Como é que o Instituto faz o acompanhamento dos resultados destes Campus? Os jovens regressam?

Alguns voltam, sim, aliás, alguns participaram nos três campos, e é interessante ouvir o ‘feedback’, eles próprios ajudam-nos a melhorar o Campus e mantemos contacto. Temos um grupo com os 150 participantes, e o objetivo de de facto continuar a acompanhá-los e envolve-los nas nossas iniciativas.

O Mais Liberdade é um instituto apartidário, financiado por privados e com uma missão muito clara, a promoção da liberdade. Um dos riscos apontados no início da fundação do instituto foi o “politicamente correto”. Como é que o Mais Liberdade tem combatido este risco?

Esta ligação aos jovens é uma forma de, eles próprios, nos pressionarem a evitar esse comodismo.
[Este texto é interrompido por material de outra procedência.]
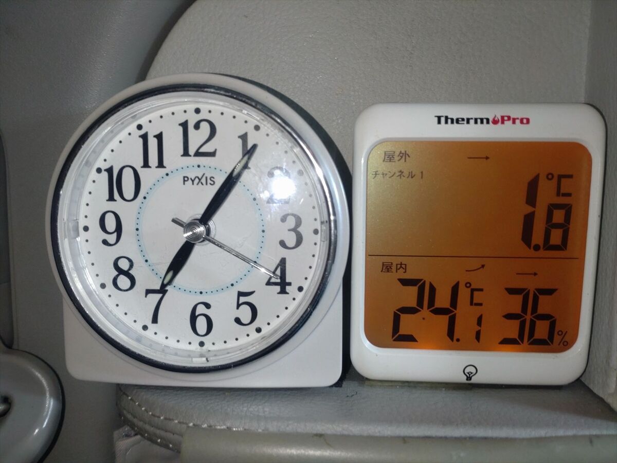 車内はFFヒーターのおかげで24.1度と暑いくらいでした(^^)
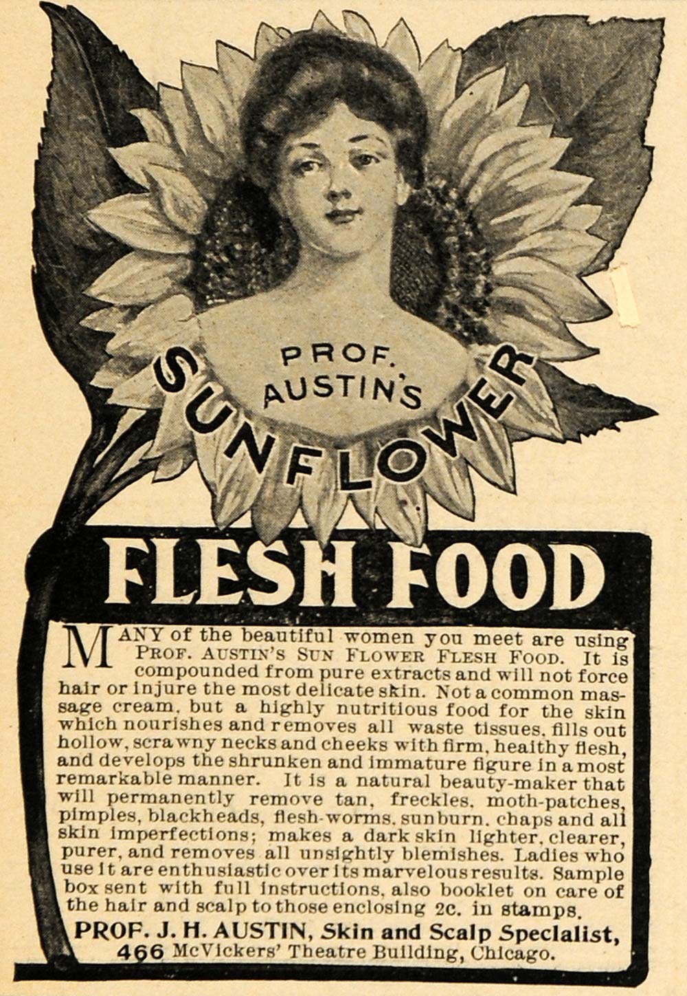 This is a small original 1905 black and white print ad for the Prof. Austin's Sunflower Flesh Food, a skin treatment from Prof. J. H. Austin, Skin and Scalp Specialist located in Chicago, Illinois.

Os jovens são mais irreverentes, são mais inovadores, naturalmente, pela idade, e não gostam nada desse comodismo. Gostam da diferença. O facto de estarmos muito envolvidos com os jovens e com muitas iniciativas serve exatamente para nos estimularem a agitar as águas. Temos tentado evitar, creio que bem, mas sou juiz em causa própria, temos tentado ter alguma irreverência que leve as pessoas a discutirem. Este tipo de organizações, por norma, está mais destinado ao fracasso do que ao sucesso. E porquê? Porque tendem a fechar-se numa bolha…

…a falar para os mesmos.

Nós temos um cariz liberal na organização, vamos falar para pessoas que também têm um pensamento liberal, mas aquilo não sai dali. Nós temos tentado sair daí, trabalhamos para as massas, até por um motivo: Queremos mudar o país, queremos mudar o país também politicamente. O país não se muda com a marcação de uma reunião com o Primeiro-Ministro António Costa, ou com qualquer ministro. Eles já ouviram várias ideias, Da direita à esquerda, mais liberais, menos liberais. O país muda, mudando a sociedade. E é por isso que o país muda, fazendo ver a sociedade que determinadas políticas são mais eficazes do que as outras. E isso não acontece se fechar num auditório um conjunto de intelectuais, um conjunto de membros muito restritos…

…e já todos pensam o mesmo…

..e saem dali satisfeitos porque os outros também pensam o mesmo. e na realidade vivem numa bolha porque aquilo não muda nada. Não… o que é que podemos fazer para mudar a sociedade? Por isso é que a nossa presença nas redes sociais é tão significativa, a população, quase todas, está lá, e conseguimos sair das bolhas, discute o que partilhamos, reflete, pode concordar mais ou menos. É por aí que as coisas mudam. Queremos chegar à sociedade, independentemente do seu nível socioeconómico, e não ser mais uma organização, muito gira, que funciona dentro de bolha, um conjunto de intelectuais todos convencidos que têm razão. Não é por aí que mudamos a sociedade.